I'm currently experimenting modifications:
https://github.com/diorcety/nats-server/commit/62dadc5b7c29a639c6448082c7515dda565a681b Avoid to overwrite a file, always create a new one and rename it. which will avoid incorrect content, notably when compression is used where the truncation is not only a simple file truncation
https://github.com/diorcety/nats-server/commit/4b665151c794f60641a8f7487fe546a18ba55205 Always sync tombstone. When the last msgblk is removed a new one is directly created with a tombstone, containing stream information. If this information is lost due to power outage for example, we reach the state of this issue
https://github.com/diorcety/nats-server/commit/305cd4e8b04e41e4bbbbf04364d3a42986fce7b2 Sync consumer state at same time that other syncs. Before this change, the state of consumer was never explicitly synced if SyncAlways was not set
I easily reproduced this issue using my platform watchdog (almost everytimes), with these modifications, no more issues after 10 tries. Nats, streams and consumers are correctly restored
trace.txt Before 12:48:19.945151, my customer puller is not started. We can see that only during the periodic sync the files are synced. Then my consumer continuously pulls messages, you can see that after the first write in a new message block file (the tombstone), the file is synced
Observed behavior
When the server is unexpectedly powered off and then restarted, all consumers are unable to self-recover and fail to receive messages. The log is as follows:
After the restart, it was almost 100% likely to reproduce the situation described in the issue, where the consumer's ack floor is greater than the stream's last sequence, resulting in all consumers being unable to consume.
Note that:
This appears to be the last blk index recorded in index.db, which actually cannot be found on the disk. This inconsistency may be caused by non-atomic sync writing of the index.db and blk to disk. When server/filestore.go
func (fs *fileStore) recoverFullState() (rerr error)

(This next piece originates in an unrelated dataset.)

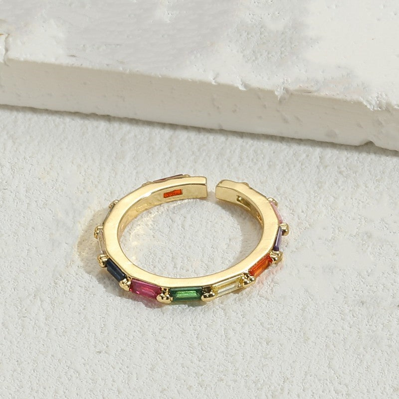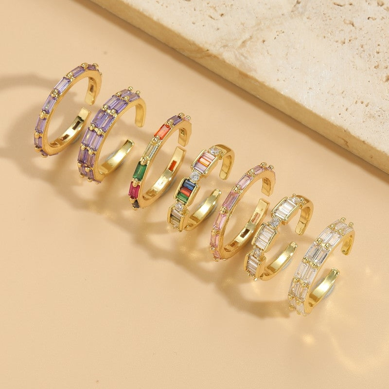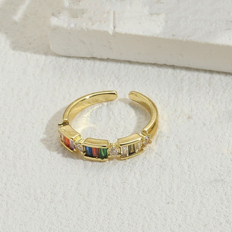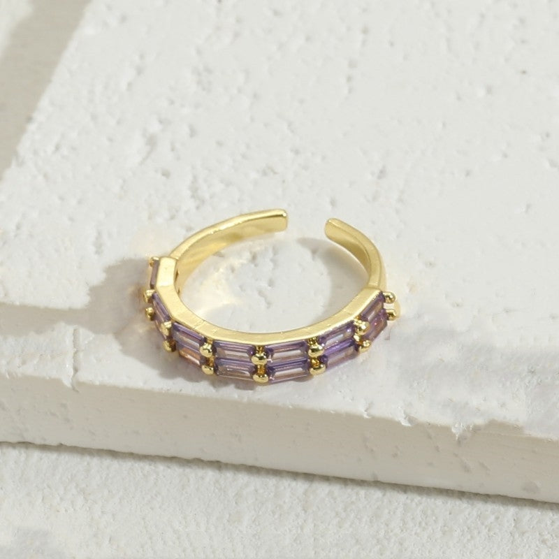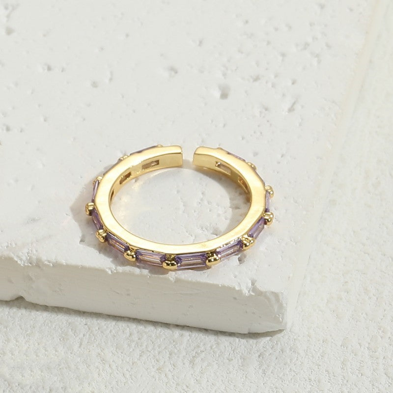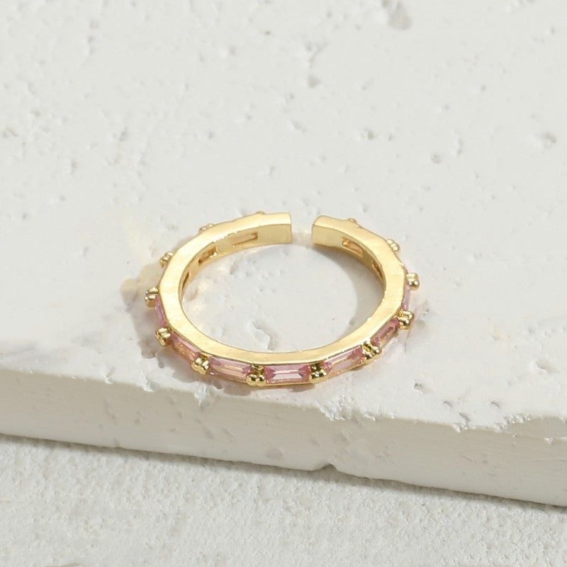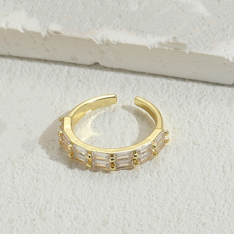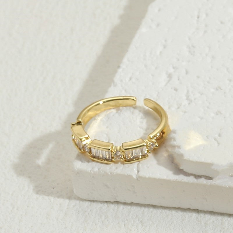 Simple Style Rectangle Copper Zircon 14k Gold Plated Open Ring

cannot find the corresponding [index].blk, it defaults to setting the stream's LastSeq to 0. The consumer's meta is also independently persisted, and server/consumer.gofunc (o *consumer) checkStateForInterestStream() error
reads and finds that the recorded AckFloor is higher than the actual stream's LastSeq, thus throwing an error.By the way, I've noticed that the persistence and recovery mechanisms of the filestore in different versions of the stream vary slightly.

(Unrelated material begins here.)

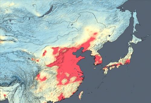 15일(현지시간) NASA가 공개한 고해상 위성 지도를 보면 중국 중서부의 광범위한 지역과 한국 대부분 지역이 최악을 의미하는 붉은색으로 표시됐다.

I tested various sync time periods, including 'sync: always', but it doesn't seem to have much effect:
The related issue is https://github.com/nats-io/nats-server/issues/4566 . I believe this is a server-side problem and should not be circumvented by client-side operations like deleting and re-adding consumers.

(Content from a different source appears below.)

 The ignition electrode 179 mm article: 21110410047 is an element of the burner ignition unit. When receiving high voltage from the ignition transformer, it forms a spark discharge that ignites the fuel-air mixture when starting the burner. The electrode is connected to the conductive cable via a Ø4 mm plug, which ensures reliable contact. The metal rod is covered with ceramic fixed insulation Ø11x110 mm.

This issue is beyond my ability to fix quickly. I earnestly seek assistance. @derekcollison @bruth
If you need more information or logs, please feel free to contact me, and I will provide them as soon as possible.
Expected behavior
After the server unexpectedly power off and then restarted, all consumers should able to self-recover and messages should be consumed normally. Some degree of data loss is acceptable.
Server and client version
I conducted power-off tests on the following server versions, and all exhibited the issue:
All client versions have been cross-tested:
Host environment
I have used multiple servers for testing, and have tested with various file systems (xfs, ext4) and types of disks (nano flash, SSD, mechanical hard disk) to rule out the possibility of randomness.
eg:
Steps to reproduce
After normal production and consumption for a period of time, directly cut off the server's power supply and then restart, you can almost certainly reproduce the issue 100% of the time.
Using reboot and kill -9 seems unable to simulate this process.